# Key Mower



## phillipmc (Jan 27, 2008)

I borrowed my uncles Key mower to cut some high grass with . Well for some reason the blade is free spinning on the shaft. I tightend it back up but things just dont seem right. Their is no keyway in the shaft for the blade and the blade only rest against some thick spacers then the blade followed by the 1 1/2 nut holding the blade on. Is this correct or am i missing something ?


----------



## joethefixitman (Mar 16, 2008)

hi there try spacer,blade then spacer , then nut that should hold it together, thats how my lawwm boy goes it doesnt have a key it held together by friction of two spacers and a blade sandwicher together by a nut fastened real tight.


----------



## 30yearTech (Sep 14, 2006)

phillipmc said:


> I borrowed my uncles Key mower to cut some high grass with . Well for some reason the blade is free spinning on the shaft. I tightend it back up but things just dont seem right. Their is no keyway in the shaft for the blade and the blade only rest against some thick spacers then the blade followed by the 1 1/2 nut holding the blade on. Is this correct or am i missing something ?
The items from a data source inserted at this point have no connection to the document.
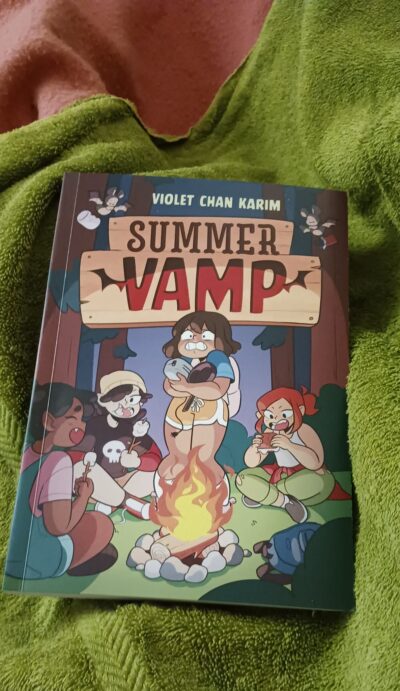 Summer Vamp (A Graphic Novel) by Violet Chan Karim is a fun book. It is not an OMG BEST EVER book, but fun. I enjoyed reading it. As an adult, I am not the intended reader, but I can see where kids will love the vampire angle and the ideas of “coming of age” in a silly and relatable way. And at the same time it is a “grandparent book” or “This is a nice book with nothing really bad happening so the grandparent will like it but the child reader will too.”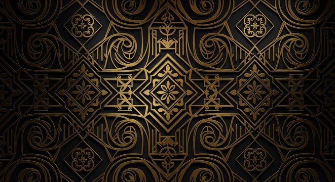Art Deco-inspired black and gold pattern with radiating fan motifs inside intersecting diamond shapes.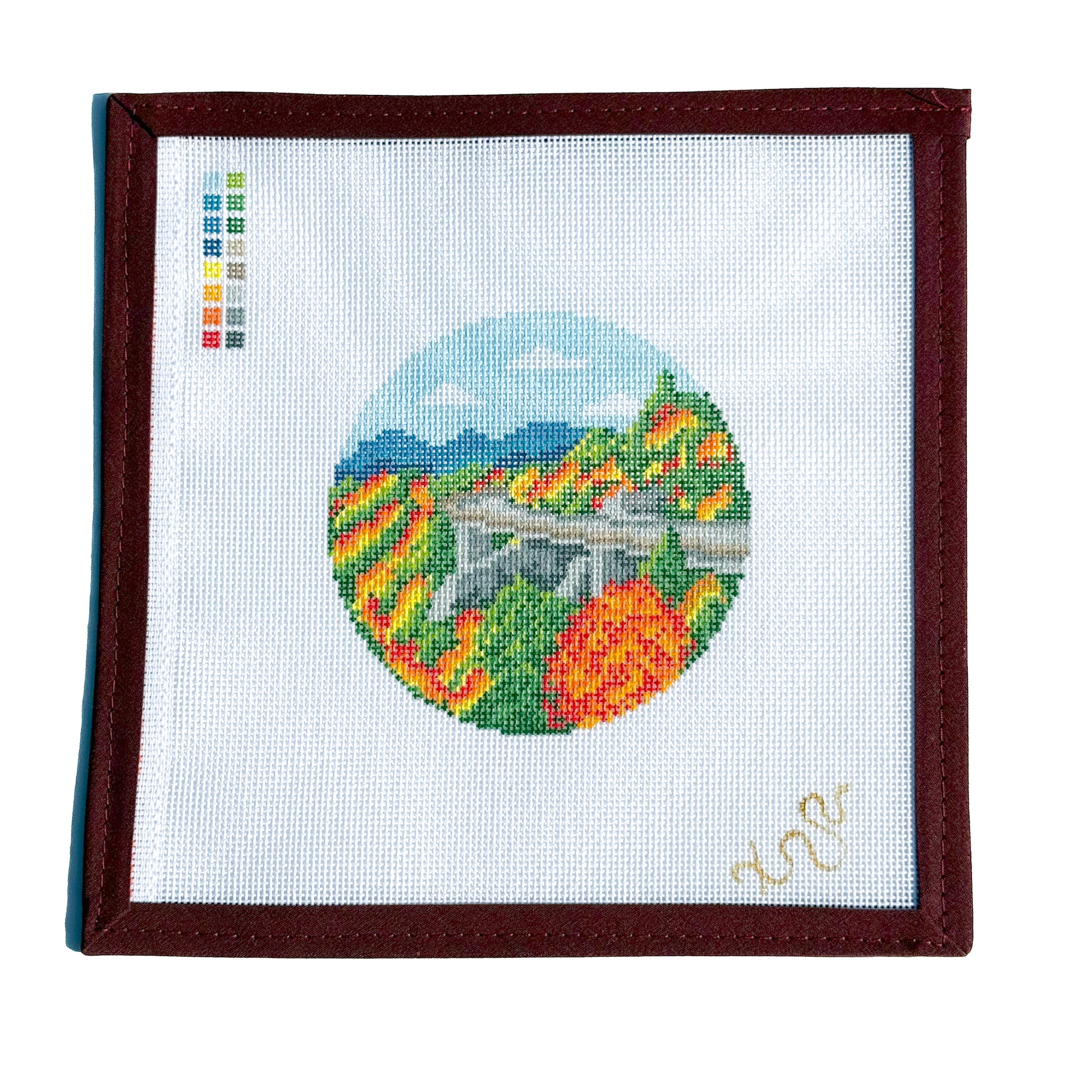 Grab your needle and express yourself with this 4” round needlepoint canvas, featuring the iconic Linn Cove Viaduct on the Blue Ridge Parkway. Each canvas is hand-painted, showcasing the breathtaking beauty of fall leaves.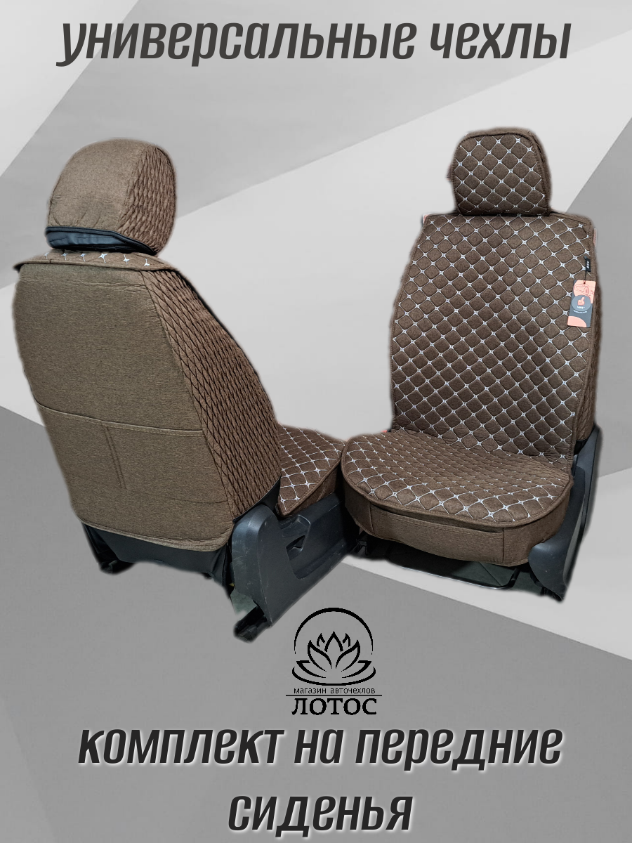 Универсальный чехол на передние сиденья из льна в коричневом цвете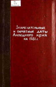 Календарь знаменательных и памятных дат Липецкой области. 1981 год.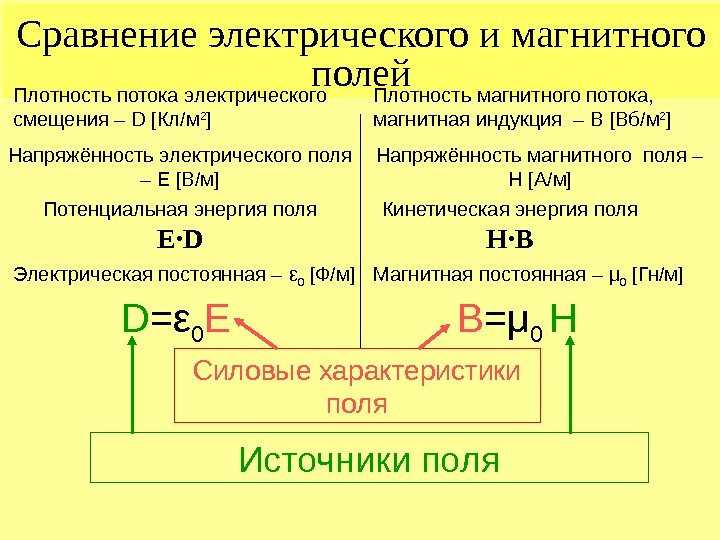 Сравнение электрического и магнитного полей Плотность потока электрического смещения – D [ Кл / м 2 ] Плотность магнитного потока, магнитная индукция – В [ Вб / м 2 ] Электрическая постоянная – ε 0 [ Ф / м ] Магнитная постоянная – μ 0 [ Гн / м ]Напряжённость электрического поля – Е [ В / м ] Напряжённость магнитного поля – Н [ А / м ] D = ε 0 E B = μ 0 H Источники поля. Силовые характеристики поля. Потенциальная энергия поля Е∙ D Кинетическая энергия поля Н∙В

Is this a commercial type wide area walk behind mower, made by Kees?

If it is this type then the way your blade is installed is correct.


----------



## phillipmc (Jan 27, 2008)

This is a 22" cut with a Horizontal shaft 5 HP briggs on a angle. Its got bicycle tires in the back and 1 5" wheel in the very front.


----------



## 30yearTech (Sep 14, 2006)

phillipmc said:


> This is a 22" cut with a Horizontal shaft 5 HP briggs on a angle. Its got bicycle tires in the back and 1 5" wheel in the very front.


I am not familiar with this brand of mower, so I can't say for sure how the blade should be attached to the spindle shaft.


----------